Only the lines from the one with "居民吕阿姨是8号楼安装电梯的" through the end of the data below belong in the answer, restated word for word, pictures excluded.
Start of AVAILABLE DATA
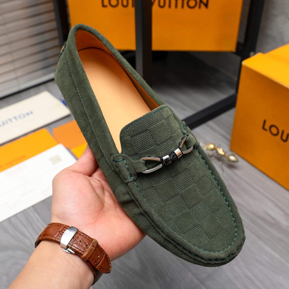 Louis Vuitton LV Damier Suede Leather Loafers In Dark Green
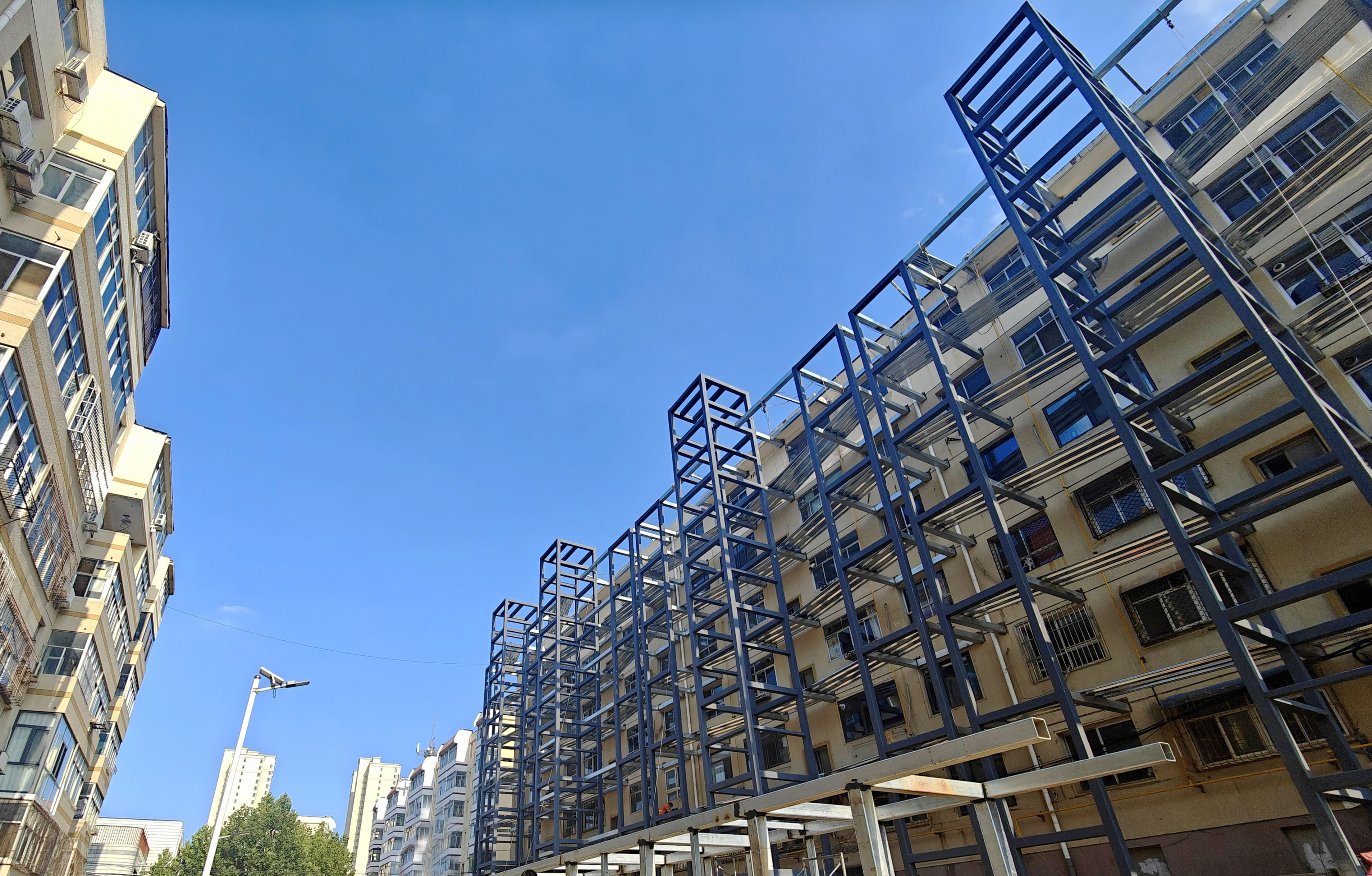 居民吕阿姨是8号楼安装电梯的牵头人,她虽住一楼,却是第一个提议装电梯的人:“我腿脚不好,爬一层楼都费劲,就盼着电梯装好,出门买个菜能利索点儿。”今年正月十五刚过,她带着想法敲开邻居们的门,你一言我一语唠了一个月,4月初施工队就进了场。目前,8号楼1—4单元同步施工,主体工程已完成三分之二,深灰色的电梯框架在阳光下闪着光。“我们这单元的电梯价格为59万多元,一楼住户掏2万多元,6楼住户掏6.9万多元。”吕阿姨说。
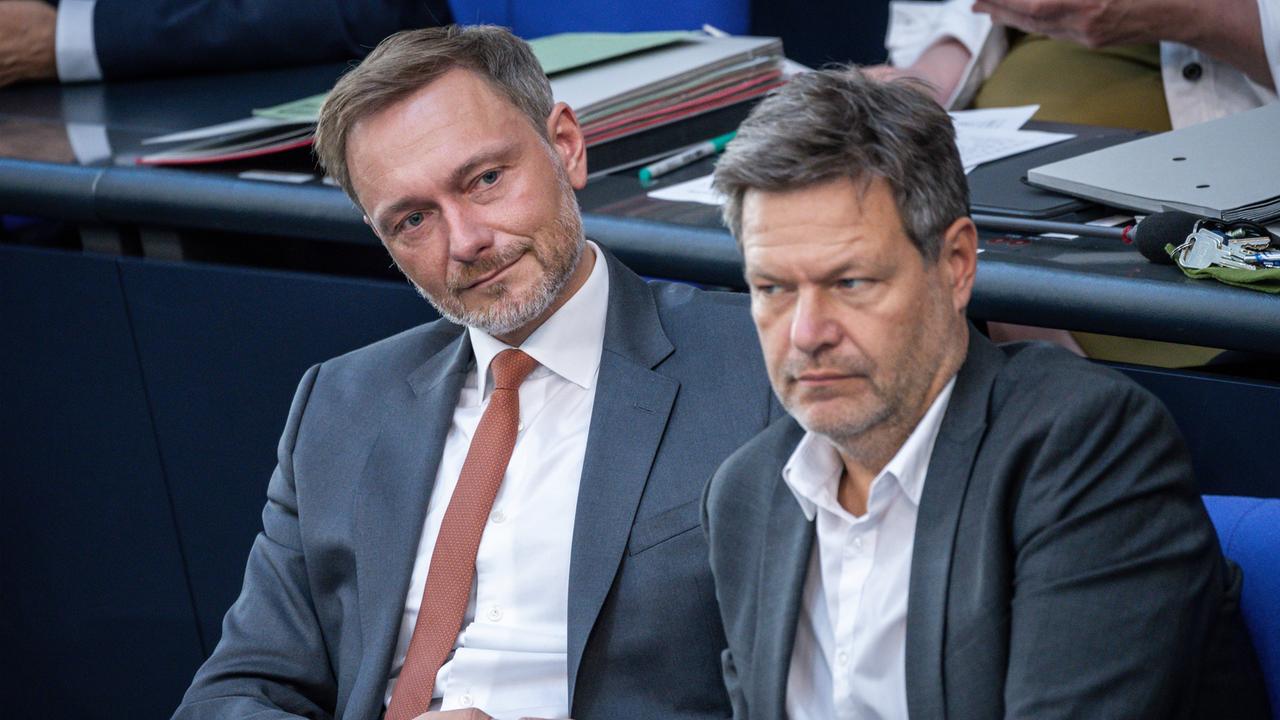 联合执政的自民党与绿党就如何填补预算缺口存在分歧,图为财政部长林德纳(左,自民党党魁)与副总理、经济部长哈贝克(右,绿党党主席)
End of AVAILABLE DATA
REPLY.
 居民吕阿姨是8号楼安装电梯的牵头人,她虽住一楼,却是第一个提议装电梯的人:“我腿脚不好,爬一层楼都费劲,就盼着电梯装好,出门买个菜能利索点儿。”今年正月十五刚过,她带着想法敲开邻居们的门,你一言我一语唠了一个月,4月初施工队就进了场。目前,8号楼1—4单元同步施工,主体工程已完成三分之二,深灰色的电梯框架在阳光下闪着光。“我们这单元的电梯价格为59万多元,一楼住户掏2万多元,6楼住户掏6.9万多元。”吕阿姨说。
 联合执政的自民党与绿党就如何填补预算缺口存在分歧,图为财政部长林德纳(左,自民党党魁)与副总理、经济部长哈贝克(右,绿党党主席)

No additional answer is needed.